Posted on March 13, 2006 in Peace Silicon Valley
Croatian and Serbian soldiers were the grizzlies for this Timothy Treadwell. I think of the scene in Grizzly Man where Treadwell dances around hurling epithets at the National Park Service and overinflating his role in “protecting” the bears from poachers who never showed. I went because I thought I had had a leading to do so. I had never seen a war and I felt that I was obligated by my peace activism to do so. So, in other words, I became a peace tourist, a variety of person who whooshed into the country and out again, never really experiencing the real deprivation of war, in which your country comes under attack and is occupied by a foreign power.
It’s a bit like my not knowing what it is like to have been raped but thinking I can understand by being in the same room where a rape once occurred. It’s not quite as distant as, say, Civil War tourists who go to the old battlefields, pose next to a cannon, and think they can conceive of what it was like to stand in a horizontal cascade of minie ball fire splashing through the atmosphere. You don’t have the patriotism, you don’t have the fear for your loved ones. Like all born-in-the-USA-Americans, I have no idea what it means to live under occupation or have a foreign army crash into my country, slashing power lines, water pipes, sewer mains, and post office trucks as they arrive.
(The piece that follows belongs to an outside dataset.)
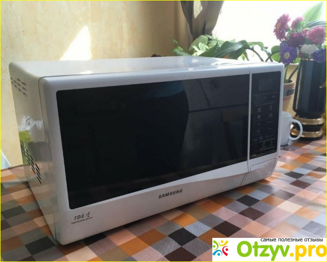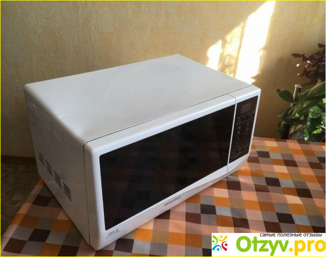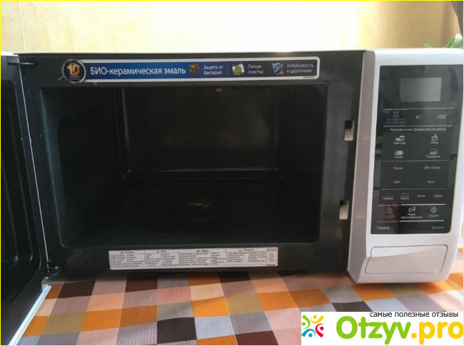 Как мне рассказывали родители, в советские времена практически не было таких устройств семьях и соответственно на кухнях. Всё разогревали только на печке, либо в электрической или газовой духовке. Массово микроволновки начали появляться только во второй половине 90-х годов прошлого века. Сама я практически не помню тех времен, когда такого прибора у нас на кухне не было. Теперь я совершенно не представляю, как можно было обходиться без него!? Разогреть заранее приготовленный обед, разморозить продукты или приготовить что-нибудь на быструю руку — без микроволновки такое уже не сделаешь. Греть же на плитке сплошная морока и занимает гораздо больше времени. Так получилось, что у нас в семье всегда были микроволновки компании LG и последняя трудилась в нашей семье без всякого ремонта уже 15 лет! Как я читала это очень хороший показатель для такого устройства. Но ничего не бывает вечным, и в конце концов что-то там случилось с магнетроном, так что долгожительнице-микроволновке пришёл конец. Поэтому, когда год назад она сломалась, то решили подобрать ей замену. Прежняя микроволновка была с грилем поэтому и новую выбирали такую же. Многие считают в микроволновой печи гриль ненужным элементом, но я с ними не согласна. В комбинированном режиме можно приготовить не просто быструю и полезную курочку, но и легко добиться того, чтоб она была с красивой поджаренной корочкой. Такого никогда не добьёшься в обычной микроволновке, а в печке это занимает гораздо больше времени. Чтобы приготовить небольшую курочку с корочкой в обычной духовке, понадобится около часа, а в микроволновой печи это можно сделать за 20-25 минут. Вполне возможно приготовить и раньше, всё зависит от того насколько крупный кусок куриного мяса вы готовите. Например, на запекание 2 куриных ножек, чтобы они получились с корочкой, уходит минут 15-20. Так что скорость приготовления, самое большое достоинство таких печей. В конечном итоге выбрали микроволновую печку белого цвета Samsung модели GE732KR. Так сказать, решили отойти от традиции, и захотелось попробовать на деле, что такое био-керамическое покрытие, о котором были наслышаны в рекламе. Было обещано, что оно очень устойчивое к царапинам и по этому показателю гораздо лучше, чем отделка внутренностей печи нержавеющей сталью. По рекламе выходило, что такая эмаль гораздо лучше чистится от остатков жира и капель. А это действительно проблема, особенно если часто применяешь гриль. При интенсивном тепловом воздействии грилем, жир начинает немного обрызгивать стенки и постепенно сильно загрязняет внутренности микроволновки. В принципе, с помощью современных моющих средств и нержавейка неплохо чистится, но определенное воздействие и следы на ней всё-таки со временем остаются. К тому же эта микроволновка внутри с антибактериальным эффектом и предотвращает распространению бактерий и микробов внутри неё.
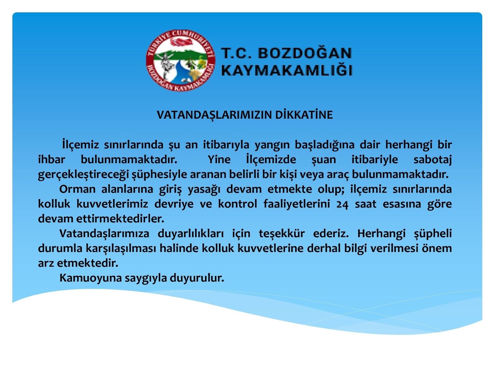 Son günlerde yaşanan yangınlarda sabotaj ihtimalleri göz önünde bulundurulurken konu ile ilgili Bozdoğan Kaymakamlığı önemli bir duyuruda bulundu. İlçe genelinde olası bir yangının yaşanması adına sabotaj ihtimali bulunan şüpheli şahıs veya araç bulunmadığını açıkladı. Ormanlık alanlara giriş çıkışların yasaklanması dolayısıyla ilçe genelinde 24 saat kontrollerin devam ettiğinin altına çizen Bozdoğan Kaymakamlığı, yaptığı açıklamada "Vatandaşlarımızın dikkatine. İlçemiz sınırları şu an itibariyle yangın başladığına dair herhangi bir ihbar bulunmamaktadır. Yine ilçemizde şuan itibariyle sabotaj gerçekleştireceği şüphesiyle aranan belirli bir kişi veya araç bulunmamaktadır. Orman alanlarına giriş yasağı devam etmekte olup, ilçemiz sınırlarında kolluk kuvvetlerimiz devriye ve kontrol faaliyetlerini 24 saat esasına göre devam ettirmektedirler. Vatandaşlarımıza duyarlılıkları için teşekkür ederiz. Herhangi şüpheli durumla karşılaşılması halinde kolluk kuvvetlerine derhal bilgi verilmesi önem arz etmektedir" ifadelerine yer verildi.

In my mania, I thought I could. I saw the vestiges, spent one night in a city where a single shell or house bomb exploded near me. Heard machine gun fire. Saw soldiers and a woman mangled by shrapnel. Saw the sunken eyes and the shaking shoulders. Had AK-47s pointed at my belly. And yet, I never grasped what it was all about.
Treadwell said that you had to be careful because they would eat you. I went into a country where I could have gotten shot, full of facts and fuller of theories when I left. But this savior could not save the peace movment because he could not understand the war as those who had sprouted from that soil did. I was a foreigner and damned lucky that I broke at home, before I could be stuffed and returned in a plastic bag.